▸ **YOUR TASK**
Print the lines below from the line with "Cilantro loves the" to the line with "Preencha suas informações" exactly, keeping both ends, and print no pictures.

Collected data entries
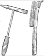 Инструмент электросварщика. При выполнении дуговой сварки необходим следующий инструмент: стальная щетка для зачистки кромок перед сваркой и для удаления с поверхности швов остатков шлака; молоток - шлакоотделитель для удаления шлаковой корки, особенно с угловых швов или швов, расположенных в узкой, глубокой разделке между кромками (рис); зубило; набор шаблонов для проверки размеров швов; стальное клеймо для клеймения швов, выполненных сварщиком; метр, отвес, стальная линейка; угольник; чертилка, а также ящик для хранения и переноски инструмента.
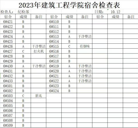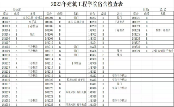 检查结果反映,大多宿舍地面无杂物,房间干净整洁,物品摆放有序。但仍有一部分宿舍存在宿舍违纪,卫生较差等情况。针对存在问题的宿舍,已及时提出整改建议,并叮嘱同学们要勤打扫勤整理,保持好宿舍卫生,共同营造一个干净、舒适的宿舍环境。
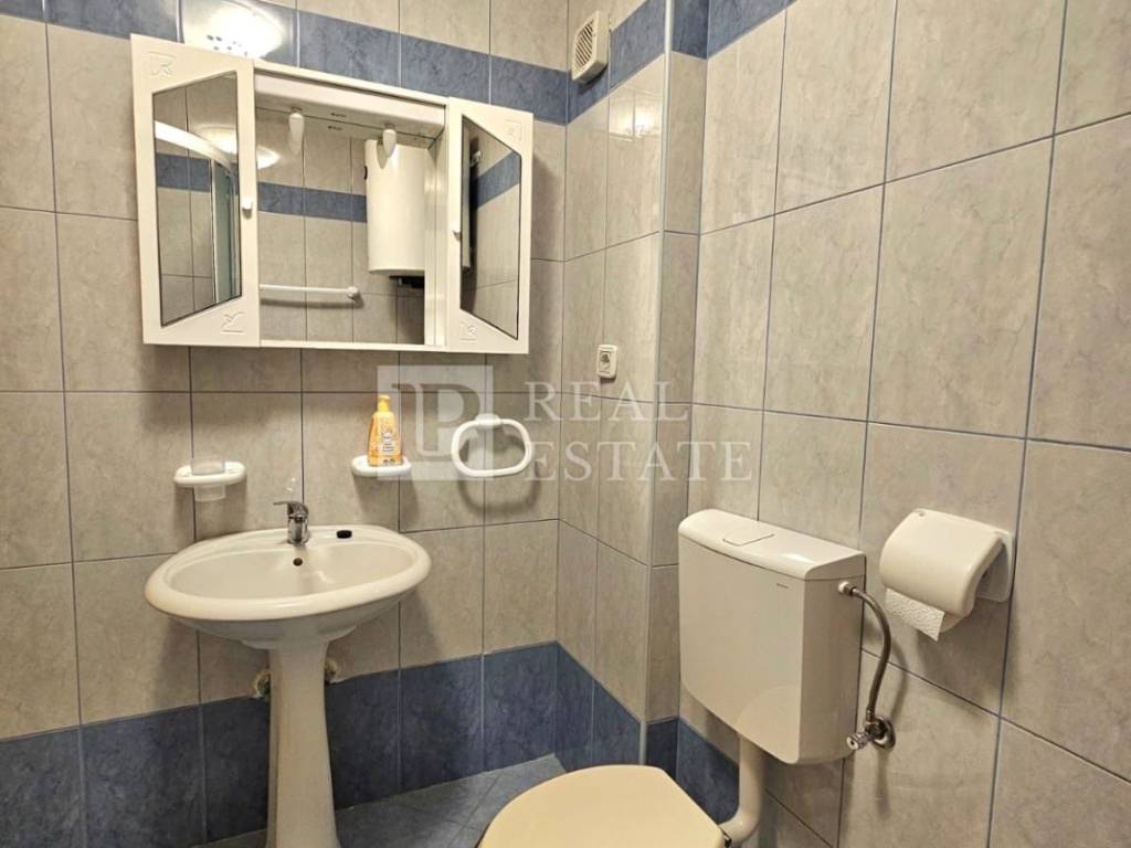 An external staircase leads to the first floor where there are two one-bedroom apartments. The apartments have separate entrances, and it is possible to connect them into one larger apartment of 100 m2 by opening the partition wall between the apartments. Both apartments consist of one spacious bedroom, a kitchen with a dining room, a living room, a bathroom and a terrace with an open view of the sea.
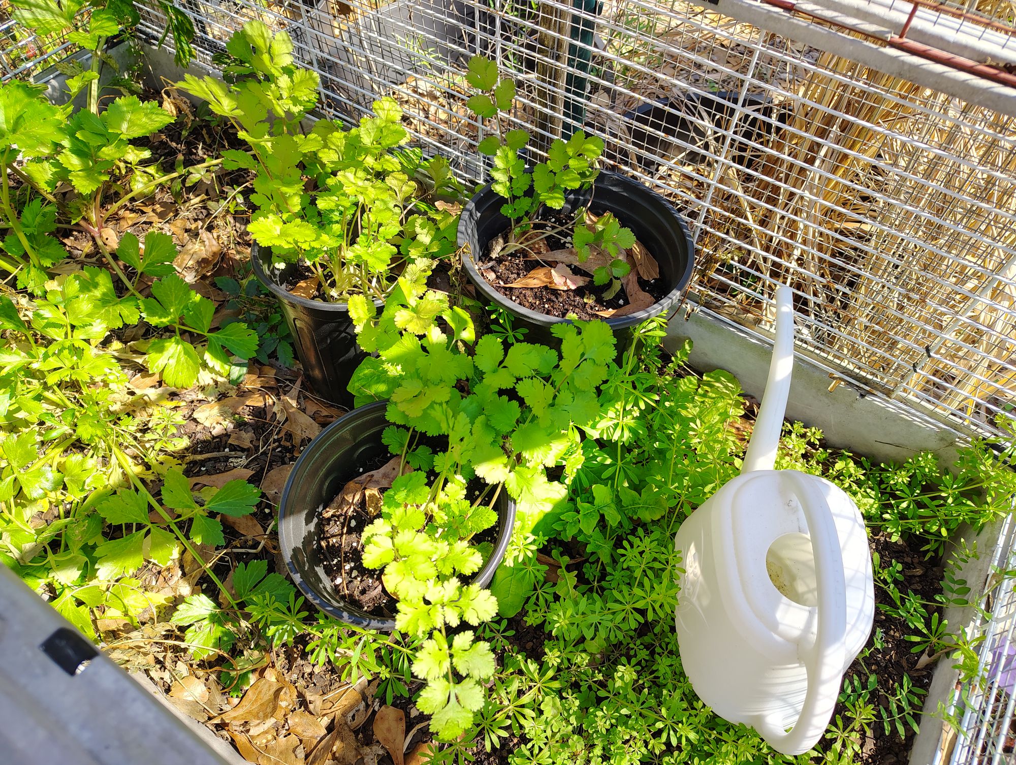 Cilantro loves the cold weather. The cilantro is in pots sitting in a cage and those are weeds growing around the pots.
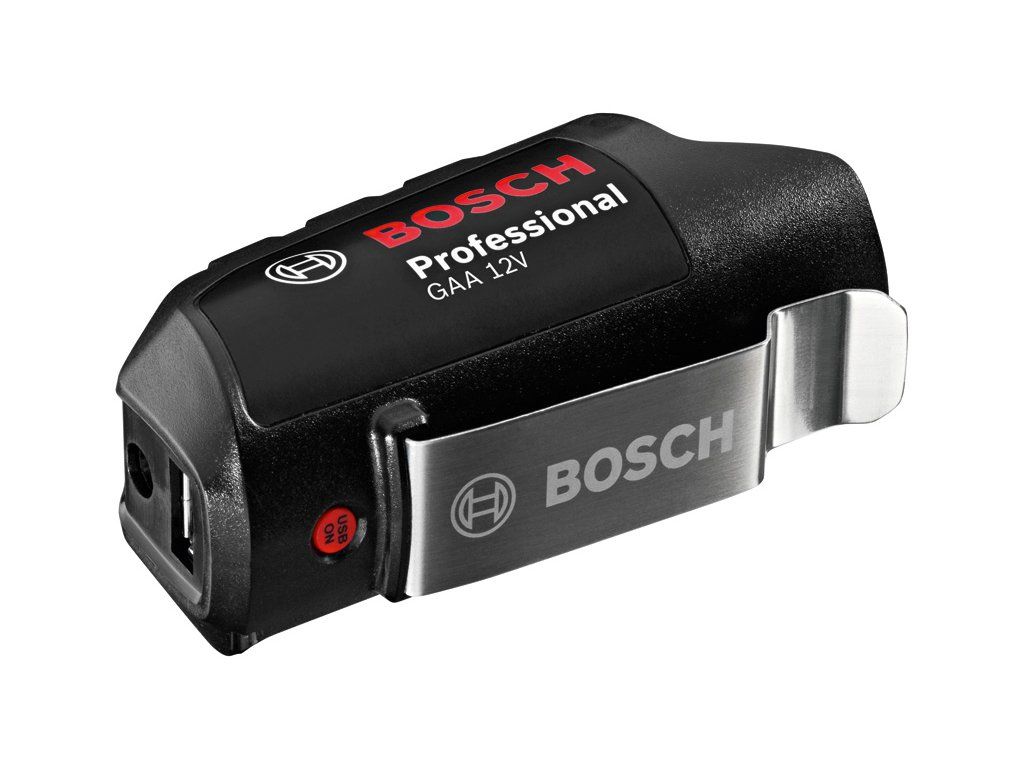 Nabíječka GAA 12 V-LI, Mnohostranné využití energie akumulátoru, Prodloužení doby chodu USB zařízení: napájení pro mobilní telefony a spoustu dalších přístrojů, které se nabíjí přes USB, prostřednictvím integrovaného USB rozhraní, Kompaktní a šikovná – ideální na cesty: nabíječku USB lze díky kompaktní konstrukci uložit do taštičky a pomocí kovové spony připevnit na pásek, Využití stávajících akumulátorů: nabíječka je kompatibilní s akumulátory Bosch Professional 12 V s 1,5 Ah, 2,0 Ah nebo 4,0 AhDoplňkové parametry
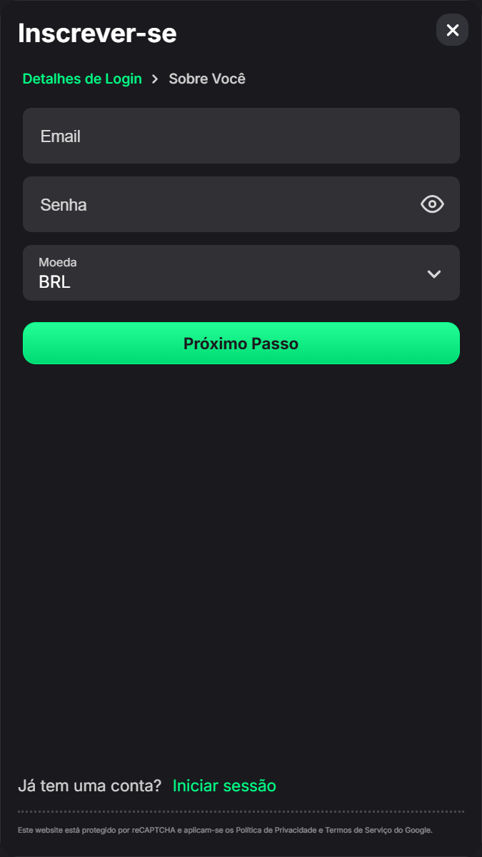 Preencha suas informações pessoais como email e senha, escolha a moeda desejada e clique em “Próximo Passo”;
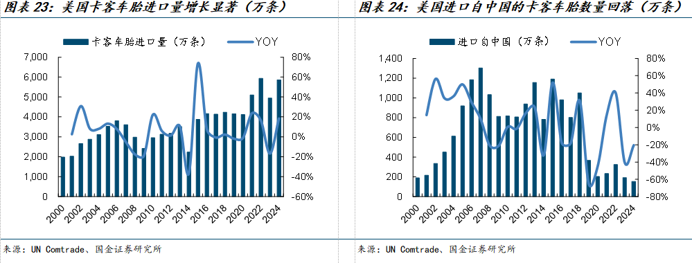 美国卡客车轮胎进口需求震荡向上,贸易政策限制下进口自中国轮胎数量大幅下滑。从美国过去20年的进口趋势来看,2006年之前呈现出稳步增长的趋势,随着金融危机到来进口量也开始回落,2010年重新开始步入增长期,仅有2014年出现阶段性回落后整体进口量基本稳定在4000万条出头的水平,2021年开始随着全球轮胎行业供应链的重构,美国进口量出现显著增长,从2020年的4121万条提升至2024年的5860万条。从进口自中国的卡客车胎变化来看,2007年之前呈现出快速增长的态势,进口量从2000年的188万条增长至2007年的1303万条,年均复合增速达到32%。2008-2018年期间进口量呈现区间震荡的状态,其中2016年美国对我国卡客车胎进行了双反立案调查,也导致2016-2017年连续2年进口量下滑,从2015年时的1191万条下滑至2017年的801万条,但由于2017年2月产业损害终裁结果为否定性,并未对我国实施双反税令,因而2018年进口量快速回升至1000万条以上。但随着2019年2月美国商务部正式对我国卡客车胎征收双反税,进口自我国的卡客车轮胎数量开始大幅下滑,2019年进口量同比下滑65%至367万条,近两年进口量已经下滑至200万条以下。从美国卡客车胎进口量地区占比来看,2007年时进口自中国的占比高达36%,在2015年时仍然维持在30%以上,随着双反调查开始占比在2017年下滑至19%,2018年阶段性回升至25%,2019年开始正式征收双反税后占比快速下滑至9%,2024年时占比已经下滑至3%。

▸ **EXERCISE ANSWER**
 Cilantro loves the cold weather. The cilantro is in pots sitting in a cage and those are weeds growing around the pots.
 Nabíječka GAA 12 V-LI, Mnohostranné využití energie akumulátoru, Prodloužení doby chodu USB zařízení: napájení pro mobilní telefony a spoustu dalších přístrojů, které se nabíjí přes USB, prostřednictvím integrovaného USB rozhraní, Kompaktní a šikovná – ideální na cesty: nabíječku USB lze díky kompaktní konstrukci uložit do taštičky a pomocí kovové spony připevnit na pásek, Využití stávajících akumulátorů: nabíječka je kompatibilní s akumulátory Bosch Professional 12 V s 1,5 Ah, 2,0 Ah nebo 4,0 AhDoplňkové parametry
 Preencha suas informações pessoais como email e senha, escolha a moeda desejada e clique em “Próximo Passo”;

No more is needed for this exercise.